PostgreSQL's approach eliminates this problem: the delete path only needs to flag a tuple, not restructure the tree. VACUUM runs later — potentially during low-traffic periods — and handles cleanup without blocking readers (thanks to MVCC).

How the Reference Implementation Compares

The delete method in btree.py (documented in entries/2026/05/28/b-tree-storage-engine-btree-delete.md) takes a third path: no rebalancing, no deferred cleanup, just minimal immediate cleanup. Specifically:

It removes the key from the leaf immediately (lines 442–458)
It uses a three-valued return (False / True / 'empty') to signal upward whether the leaf emptied (_delete entry, lines 39-47)
It only frees empty leaves at depth 2 when the child is not leftmost (lines 64-73 of the _delete entry)
Empty leftmost leaves or empty leaves deeper than depth 2 are left allocated with zero keys permanently (_delete entry, line 113)

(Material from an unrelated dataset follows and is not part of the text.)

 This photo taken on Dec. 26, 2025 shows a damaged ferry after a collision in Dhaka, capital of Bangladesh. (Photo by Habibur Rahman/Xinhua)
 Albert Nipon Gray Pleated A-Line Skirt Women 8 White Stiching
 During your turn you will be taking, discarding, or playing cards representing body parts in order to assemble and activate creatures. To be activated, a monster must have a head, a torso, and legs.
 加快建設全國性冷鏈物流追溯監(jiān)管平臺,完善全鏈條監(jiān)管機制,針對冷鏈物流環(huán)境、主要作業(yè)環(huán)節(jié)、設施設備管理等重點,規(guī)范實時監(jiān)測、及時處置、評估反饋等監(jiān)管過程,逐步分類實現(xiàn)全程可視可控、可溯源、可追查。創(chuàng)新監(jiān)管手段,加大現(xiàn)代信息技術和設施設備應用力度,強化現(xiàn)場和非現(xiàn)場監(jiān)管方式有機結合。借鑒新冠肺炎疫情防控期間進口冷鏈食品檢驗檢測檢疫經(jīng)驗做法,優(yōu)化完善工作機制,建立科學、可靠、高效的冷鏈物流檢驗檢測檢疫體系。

The Spectrum of Strategies

The underflow rebalancing entry (topic-b-tree-underflow-rebalancing.md:42-57) maps out how major databases handle this differently:

| Database | Strategy | Trade-off |

|----------|----------|-----------|

| PostgreSQL | Mark dead, VACUUM later, never merge pages | Max throughput, space degrades until VACUUM |

| InnoDB | Full merge on underflow + change buffer for batching | Close to textbook, amortized via write buffering |

| SQLite | Full merge/redistribute when page drops below ~1/3 full | Textbook correctness, feasible because single-writer |

| This impl | No merge, free only completely empty leaves at depth 2 | Simplest possible, space degrades permanently |

PostgreSQL sits at a pragmatic sweet spot: it doesn't pay the cost of immediate rebalancing *or* the cost of permanent space waste. The deferred VACUUM model means that:

Reads are never blocked by structural maintenance
Deletes are fast — just flag a tuple
Space is eventually reclaimed — VACUUM handles it on its own schedule
But sparse pages accumulate between VACUUM runs, degrading range scan I/O

The fill-factor impact is real. The comparison table in the underflow entry (lines 60-68) shows that without rebalancing, leaves can degrade to near-empty, inflating the number of page reads for range scans and wasting disk. PostgreSQL accepts this temporarily; the reference implementation accepts it permanently.

The Structural Asymmetry

One of the sharpest observations across the entries is the asymmetry between insert and delete in the reference implementation:

insert fully propagates splits upward: when a node overflows, it splits, returns (midkey, newpage), and the caller inserts into the parent — cascading all the way to root creation if needed (insert entry, lines 53-84)
delete swallows the 'empty' signal after one level of cleanup: if it can't handle it at depth 2, it converts 'empty' to True and the information is lost (delete entry, lines 72-73)

This means the tree height only increases, never decreases (topic-b-tree-underflow-rebalancing.md, line 87). PostgreSQL has the same property — its B-tree height rarely shrinks — but it mitigates the space impact through VACUUM's page recycling.

Why This Matters for DDIA

The PostgreSQL pattern illustrates a principle central to *Designing Data-Intensive Applications*: production systems routinely trade strict invariants for operational characteristics. The textbook B-tree invariant (minimum 50% fill) is correct but expensive to maintain under concurrency. PostgreSQL relaxes it in favor of a batch-oriented background process, accepting temporary space waste for consistent throughput. This is the same principle behind LSM-tree compaction, MVCC's deferred garbage collection, and many other "clean up later" patterns in real databases.

The reference implementation in btree.py demonstrates the *structural plumbing* — the sibling chain in serializeleaf (underflow rebalancing entry, line 71), the free list in PageManager (lines 85–101), the three-valued return from _delete — that a rebalancing or VACUUM-style pass would build on. The infrastructure exists; the policy doesn't. That makes it a useful teaching tool: you can see *what* would need to happen without the concurrency and correctness complexities that make the production version hard to follow.